We had matching denim couches in the living room back then at our Iron Canyon rancho. The little divan was called, “The Safety Couch.” Our forever deal? I told my effervescent little relative that if she could somehow make it onto The Safety Couch, she was safe from any creepy monster, polar bear, all woes or parental consequences. Some of my fondest memories are running at full-speed after her, down our long hallway. Indy had this neat toy inflatable giant plastic hammer that squeaked and she’d madly hightail it toward the living room, me a breath behind, pounding the carpet behind her heels. Squeak!! Squeak!! Squeak!! Yards from the sanctuary sofa, she’d go airborne. I’d circle, giant red-and-yellow mallet behind my back, assuring, like Dracula, that if she’d only slide off The Safety Couch to the carpet, all was safe. The first movie she ever saw was, “The Parent Trap.” The original, with Haley Mills “… and Haley Mills!!” as the original 1961 Disney movie ads lured. Indy still sucked her thumb and held onto her belly button, a habit she’d eventually outgrow before university. All cozy, she leaned back against a fortress of cushions. A minute into the film, she looked over at me and offered the most overly enthusiastic thumbs-up. Her smile filled the room.

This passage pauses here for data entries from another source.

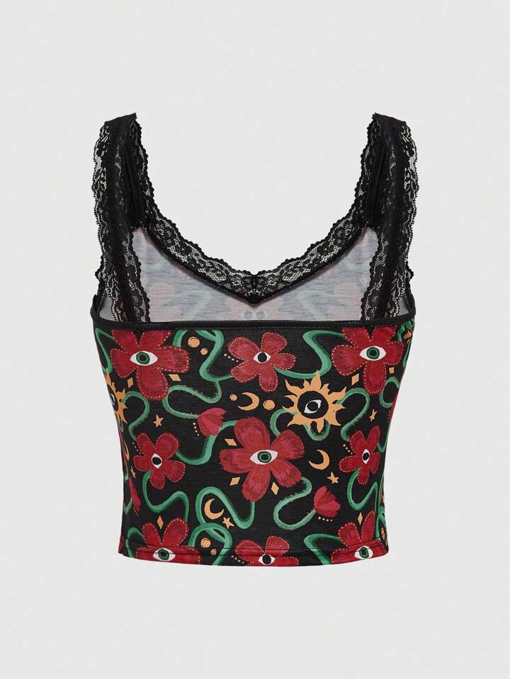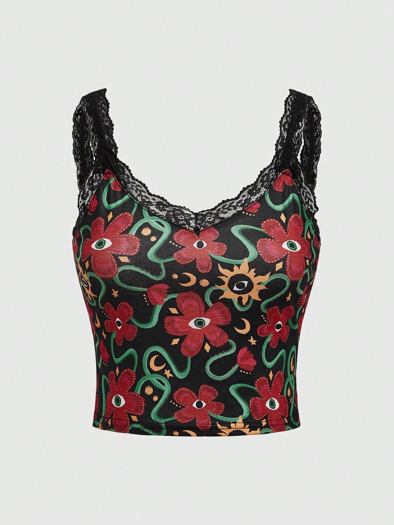 Umamao Estudio Flower & Eye Pattern Printed Lace Splicing Cami Top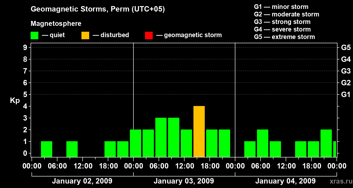 Changes in the geomagnetic index Kp from January 2 to 4, 2009 for mid latitudes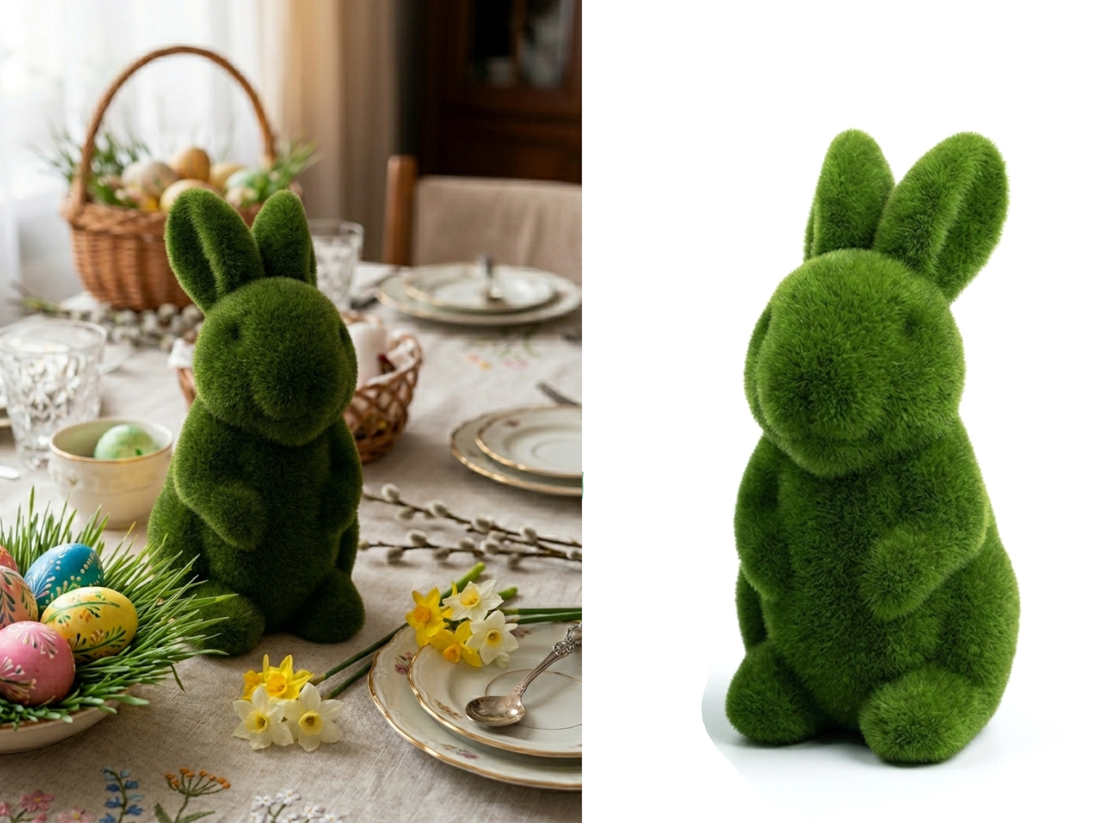 Dekoracja wielkanocna styropianowa ZAJĄC flokowany 18x11x8,5 cm ZIELONY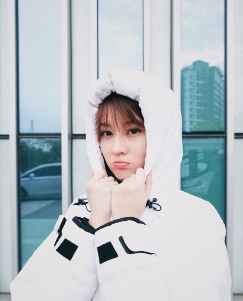 她穿戴简略的黑色T恤,调配黑色紧身裤,配上黑色马丁靴,一致的黑色彩调配,全体看起来十分显瘦、显高,瞬间腿长一米八,外搭一件扎实保暖的白色羽绒服,帽子戴起,呆萌而又心爱。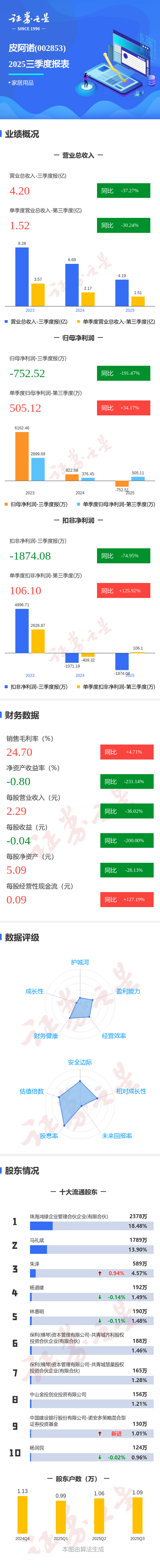 证券之星消息,皮阿诺2025年三季报显示,前三季度公司主营收入4.2亿元,同比下降37.27%;归母净利润-752.52万元,同比下降191.47%;扣非净利润-1874.08万元,同比下降74.95%;其中2025年第三季度,公司单季度主营收入1.52亿元,同比下降30.24%;单季度归母净利润505.12万元,同比上升34.18%;单季度扣非净利润106.1万元,同比上升125.92%;负债率37.31%,投资收益223.15万元,财务费用-34.04万元,毛利率24.7%。

Certainly no offense to Christianity, but I’ve escaped often to the dark chapel of cinema. In my early years were delightful fillers like newsreels and cartoons, kitschy advertisements featuring dancing corn dogs and merry overflowing tubs of popcorn. Dear hope beyond hope were Previews of Coming Attractions. I loved the previews. It was an assurance. No matter what size my problems, love would win out, civilization would advance. Wednesday mornings, I’d sprint to grab the soggy morning paper. That’s when the movie lineup refreshed. Gender-wise, I’m as straight as Interstate 5 past Bakersfield. But, at 8? I’d cut out the enormous display ads from the movie section. Some of you, approaching middle age like me? Remember? Page after page in the newspaper, filled with oversized movie ads? My walls were papered with well-lathered Steve Reeves flexing as “Hercules.” I was a hopeless romantic even then and I’d scissor out flyers for Rock Hudson and Doris Day movies.
Tickets were a quarter, rare in the 1950s as a gold doubloon. Sometimes you’d luck out and there’d be weekday matinees for a dime (for kids, who should have been in school). There were double bills, sometimes triple. Most of America was not that far removed from the horse. Westerns and the manly art of shooting your problems or at least punching them in the nose was acceptable social behavior.
Sigh. How society has slipped.
My daughter is 21 now. The other night, we watched the animated “Bolt” for the 257th time. We both — still — want a real dog, Just — Like —Bolt. I have a lifetime film library, rattling about in my lame excuse for a brain. Indy? She won’t watch anything, “ancient.” Which is pre-2014. That puts a crimp on it, but, we sit together, on our own sofas, in the dark, smiles on our faces. I offer films she wouldn’t dream of seeing. The other night was a double bill of “The Judge” and “The Edge,” two of the better films of the last many years. She loved them.
I’m happy to report, my daughter no longer sucks her thumb, but, she still gives me the enthusiastic and child-like thumbs up. Without fail, in the middle of a movie, she’ll ask, “Dad. Can you make me some popcorn?”
It’s one of the sweetest things anyone has ever asked me.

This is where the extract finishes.